Exercise description: Up to and including the line bearing "Vtg Elmo Sesame", output every line of the entries exactly as written, starting from the first; pictures stay out.
=== Record set ===
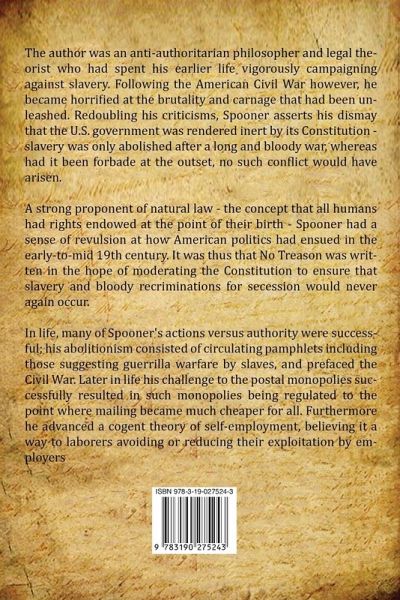 The author was an anti-authoritarian philosopher and legal theorist who had spent his earlier life vigorously campaigning against slavery. Following the American Civil War however, he became horrified at the brutality and carnage that had been unleashed. Redoubling his criticisms, Spooner asserts his dismay that the U.S. government was rendered inert by its Constitution - slavery was only abolished after a long and bloody war, whereas had it been forbade at the outset, no such conflict would have arisen. A strong proponent of natural law - the concept that all humans had rights endowed at the point of their birth - Spooner had a sense of revulsion at how American politics had ensued in the early-to-mid 19th century. It was thus that No Treason was written in the hope of moderating the Constitution to ensure that slavery and bloody recriminations for secession would never again occur. In life, many of Spooner's actions versus authority were successful; his abolitionism consisted of circulating pamphlets including those suggesting guerrilla warfare by slaves, and prefaced the Civil War. Later in life his challenge to the postal monopolies successfully resulted in such monopolies being regulated to the point where mailing became much cheaper for all. Furthermore he advanced a cogent theory of self-employment, believing it a way to laborers avoiding or reducing their exploitation by employers.
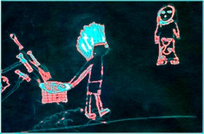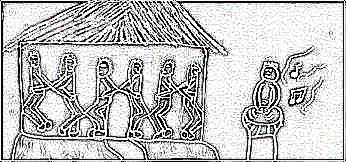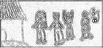 Toen hij zich omringd had met deze figuren, was zijn eenzaamheid nog altijd niet verdwenen. Want het waren slechts beelden, geen echte mensen die konden praten. Toen pakte hij zijn trommel en begon muziek te spelen. |
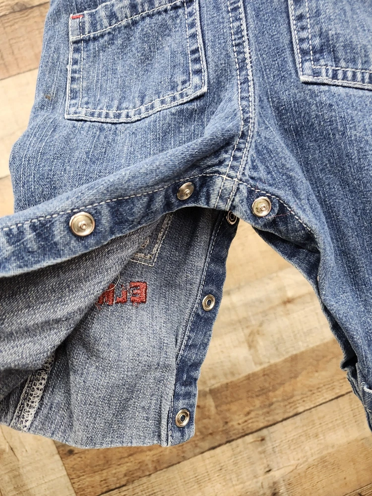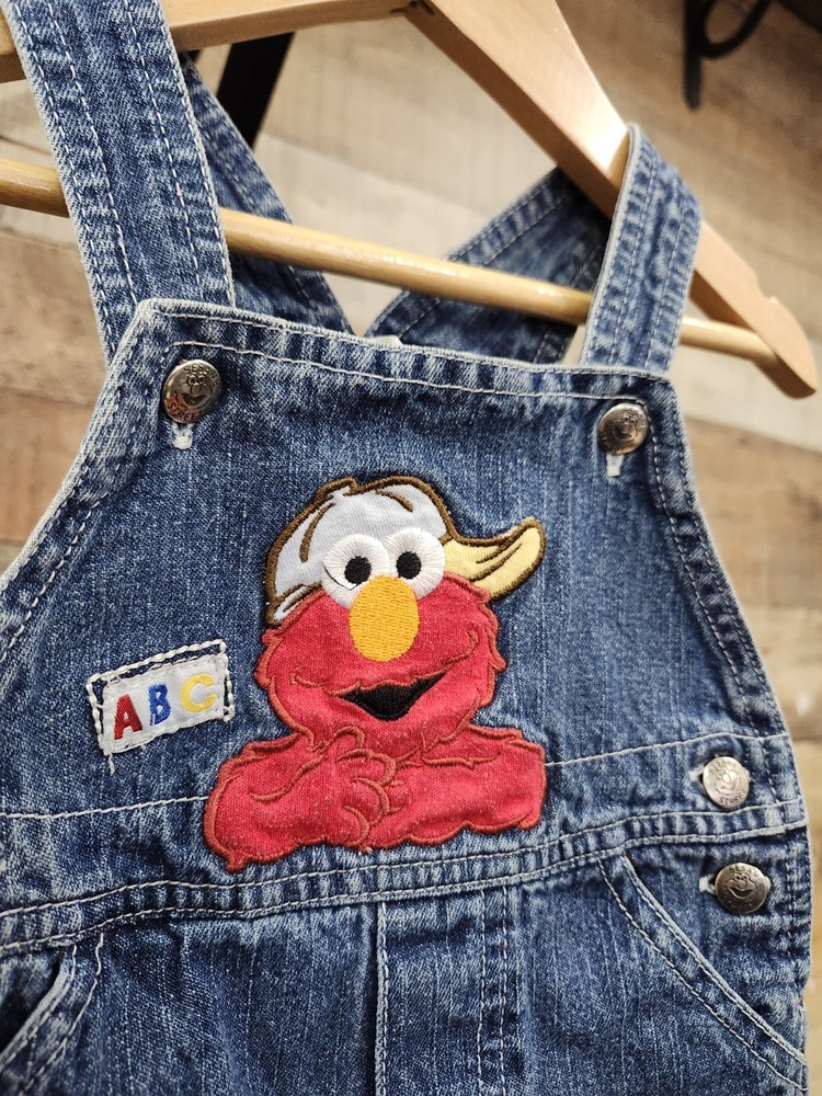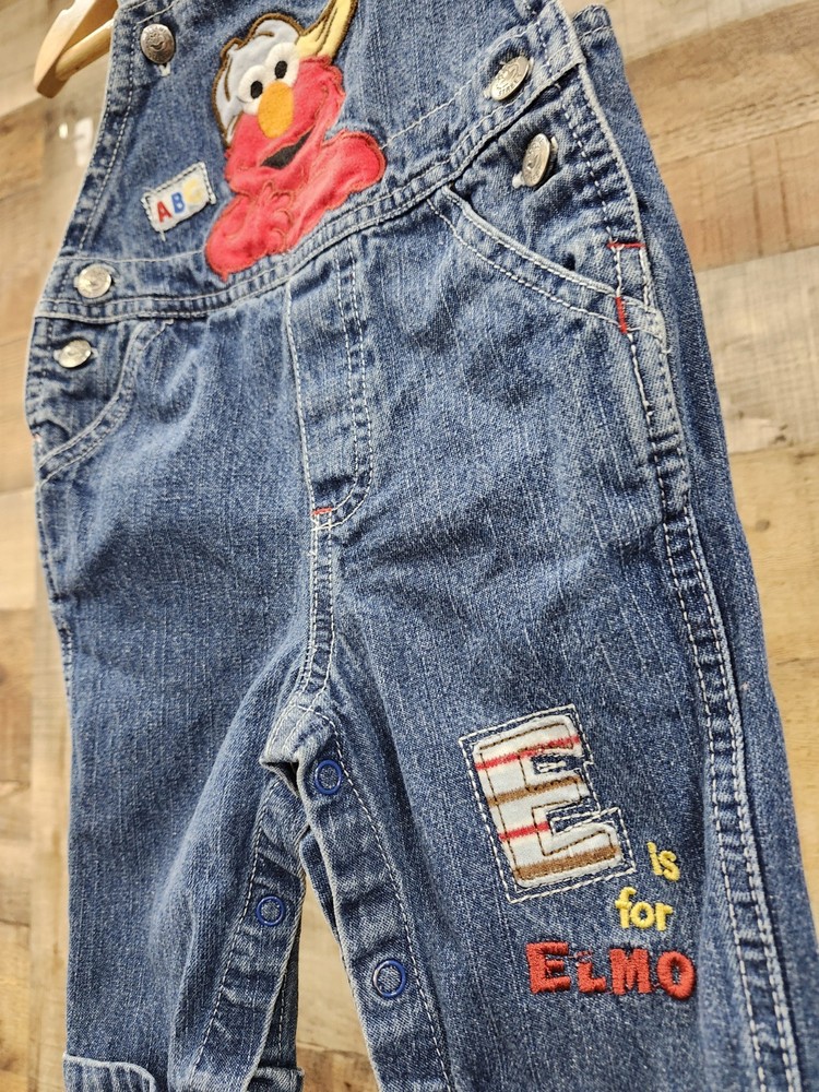 Vtg Elmo Sesame Street Denim Overalls Sz 6-9 Months Embroidered Great Condition
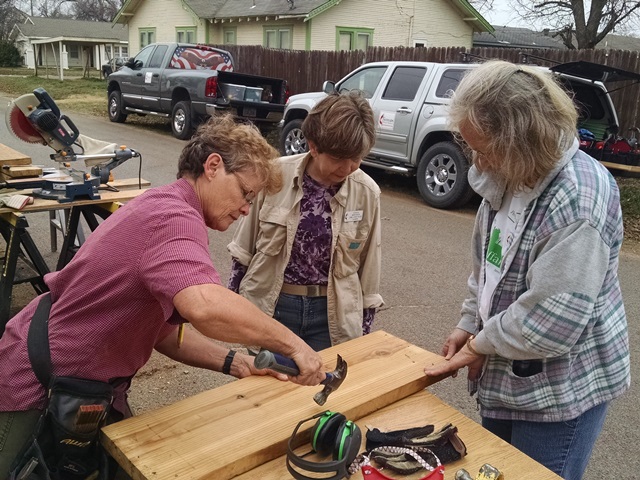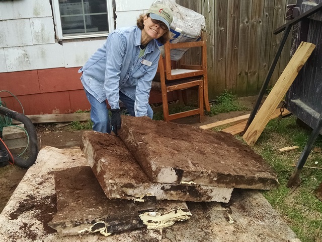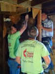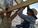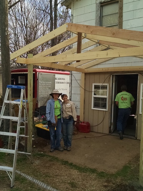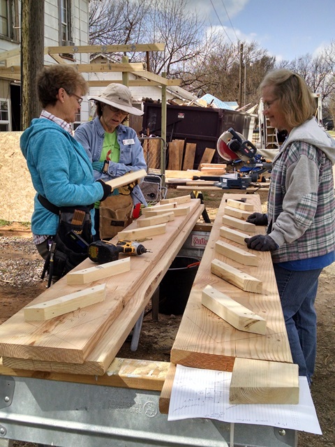 Gwen led our devotional time this morning which we moved to 7:30 to try to be working by 8:30. Gwen did a great job leading us and we did make it to the job site by 8:30. It seemed everyone felt good about what we accomplished today. We divided up into 3 teams. We were on the porch team along with Gwen and we had a good day. We put up all the hangers for the rafters, the rafters, the roof decking and the felt today. That was more than we thought we would do. All that’s left on the porch is the shingles. Gary and Henry were the plumbing team. However, they were limited in what they could do because the VIM coordinators decided against renting the concrete saw we needed and instead elected to have the professionals come cut/remove the portions of the slab that had to be removed for the drains. So when Gary and Harry completed what they could do on the plumbing they became the demolition team on the stairs while we waited on the concrete guys. The stair team was Pat, Barb and Scott. Before they could start they had to move a lot of stuff that was in the way of the new stairs. The old steps were then removed and the stringers built for the first flight of steps and the first landing framed in. They made a lot of progress. There was also a window installed in the kitchen and additional framing on the back wall of the house. The concrete guys came late this afternoon shortly before we were going to stop work and they ran us out of the house. They are NOISY and MESSY!! Some days you work really hard and don’t see a lot of progress. Today we could see the progress. That felt good.
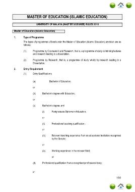 The types of programmes offered under the Master of Education (Islamic Education) provision are as
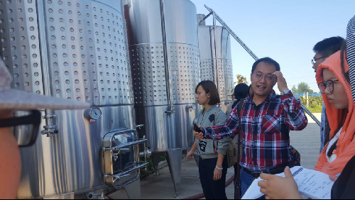 在9月6日举行的“新生日”活动中,由孟江飞老师带领2017级研究生新生参观了官村葡萄园、曹新庄李华盛唐酒庄。孟老师为同学们讲解了葡萄的棚架、树形、品种和病虫害等方面的知识,帮助大部分考研来的非本专业同学初次走进葡萄学。
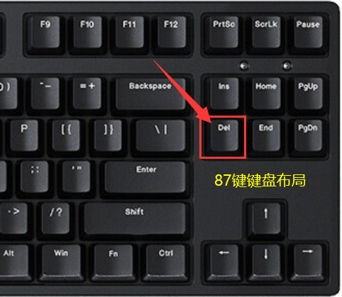3. 电脑重启,在开机的瞬间不停的点击键盘上的“del”键进入主板BIOS界面。(del键位参考下图)
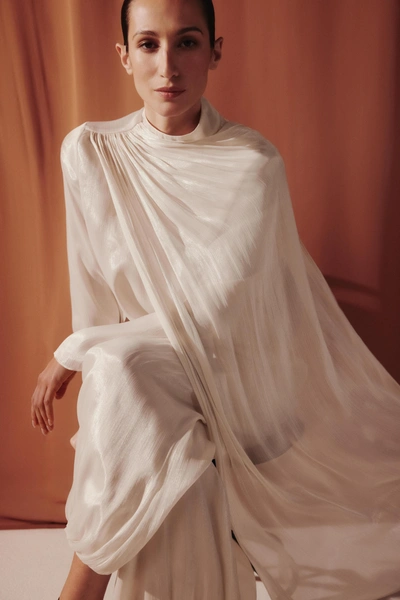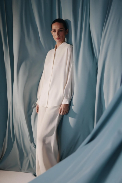 Абсолютный хит новой лимитированной коллекции — комплект из лаконичной блузки с высоким воротником и свободных брюк из шелка серо-голубого оттенка, напоминающий мираж в жаркой пустыне. Этот материал приятно скользит по коже, создавая ощущение легкой прохлады и невесомости. (Комплект также доступен в молочном оттенке). Или другой сет — блузка с палантином, которую можно носить как с брюками-алладинами, так и с длинной юбкой из легкой, полупрозрачной ткани. В материал вплетена тончайшая серебристая нить, благодаря которой ткань завораживающе мерцает. Все вещи удобно стилизовать как для дневных, так и для вечерних выходов.
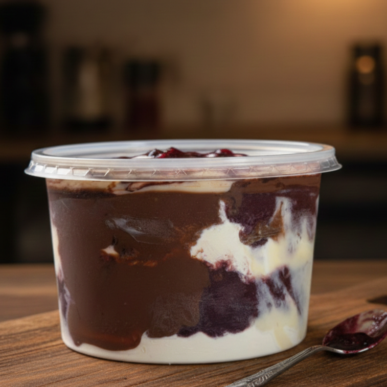 Açaí 1l Trufado Ouro Branco Para quem não brinca em serviço! Um litro de açaí premium, extremamente cremoso, montado em camadas generosas de: Creme de Ninho . Creme de Avelã (sabor intenso). leite condensado e Muito Leite em Pó para dar aquele toque especial. Finalizado com pedaços de bombom Ouro Branco crocante. Serve bem até 3 pessoas (ou uma muito faminta!).
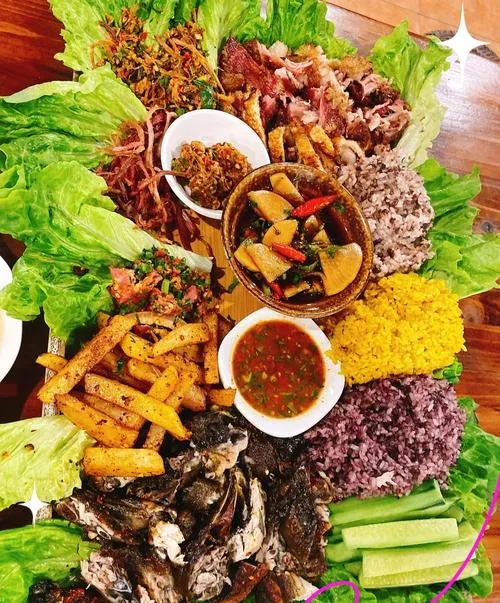 还有个撒撇,这是傣族的吃法,把牛苦肠里的消化液挤出来,加上各种香料和生牛肉,拌匀了蘸着吃。很多人听到这个做法就怕了,觉得又苦又腥,但你真吃到嘴里会发现,那个苦是清苦,那个腥是草腥,两种味道混在一起反而把牛肉的鲜味托得特别高。这种吃法讲究的不是好不好接受,讲究的是食材的完整性,就是一头牛,从肉到内脏到消化液,全都不浪费,全都物尽其用,这背后藏着的是这个民族对自然的理解方式。
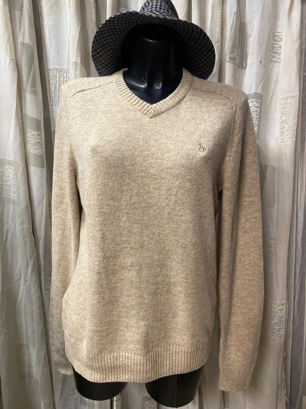 Якісний стильний теплий пуловер від Penguin. Колір бежевий. М’який і зручний. Позмір по бірці-L. Заміри:довжина-67 см, ПОГ-49 см, ПОБ-44 см, рукав від ворота-81 см. Стан відмінний, лише незначна плямка(див. Останнє фото). Унісексі.
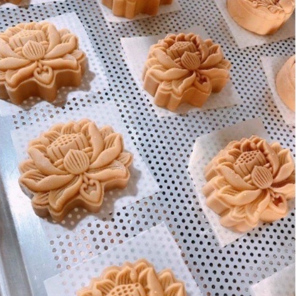 - Họa tiết hoa sen được khắc sâu giúp tạo hình bánh sắc nét hơn
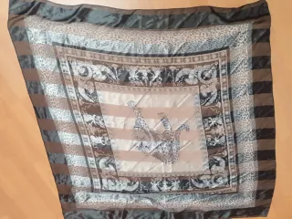 Pañuelo vintage de seda con un diseño cuadrado y estampado. - Medidas aproximadas: [insertar medidas] - Diseño con motivos de animales y grecas. - Tonos tierra y detalles en negro. Pañuelo vintage carré, cuadrado medidas aproximadamente 120 cm Con leopardo 🐆, print animal, tonos marrón y negro. Como nuevo
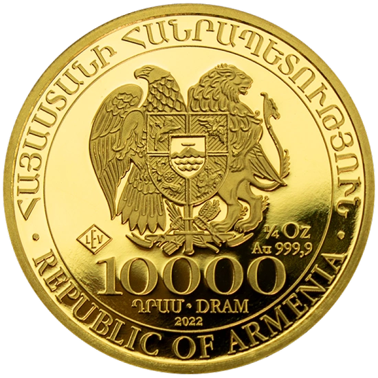 Na reversu mince je vyobrazen arménský státní znak spolu s nominální hodnotou ražby 10000 dramů a rokem vydání. Na pravé straně pod erbem je uvedena hmotnost a vzorek zlata, v němž byla mince vyražena. Při spodním okraji je nápis „Arménská republika“.
===
Worked solution:
 The author was an anti-authoritarian philosopher and legal theorist who had spent his earlier life vigorously campaigning against slavery. Following the American Civil War however, he became horrified at the brutality and carnage that had been unleashed. Redoubling his criticisms, Spooner asserts his dismay that the U.S. government was rendered inert by its Constitution - slavery was only abolished after a long and bloody war, whereas had it been forbade at the outset, no such conflict would have arisen. A strong proponent of natural law - the concept that all humans had rights endowed at the point of their birth - Spooner had a sense of revulsion at how American politics had ensued in the early-to-mid 19th century. It was thus that No Treason was written in the hope of moderating the Constitution to ensure that slavery and bloody recriminations for secession would never again occur. In life, many of Spooner's actions versus authority were successful; his abolitionism consisted of circulating pamphlets including those suggesting guerrilla warfare by slaves, and prefaced the Civil War. Later in life his challenge to the postal monopolies successfully resulted in such monopolies being regulated to the point where mailing became much cheaper for all. Furthermore he advanced a cogent theory of self-employment, believing it a way to laborers avoiding or reducing their exploitation by employers.
 Toen hij zich omringd had met deze figuren, was zijn eenzaamheid nog altijd niet verdwenen. Want het waren slechts beelden, geen echte mensen die konden praten. Toen pakte hij zijn trommel en begon muziek te spelen. |
 Vtg Elmo Sesame Street Denim Overalls Sz 6-9 Months Embroidered Great Condition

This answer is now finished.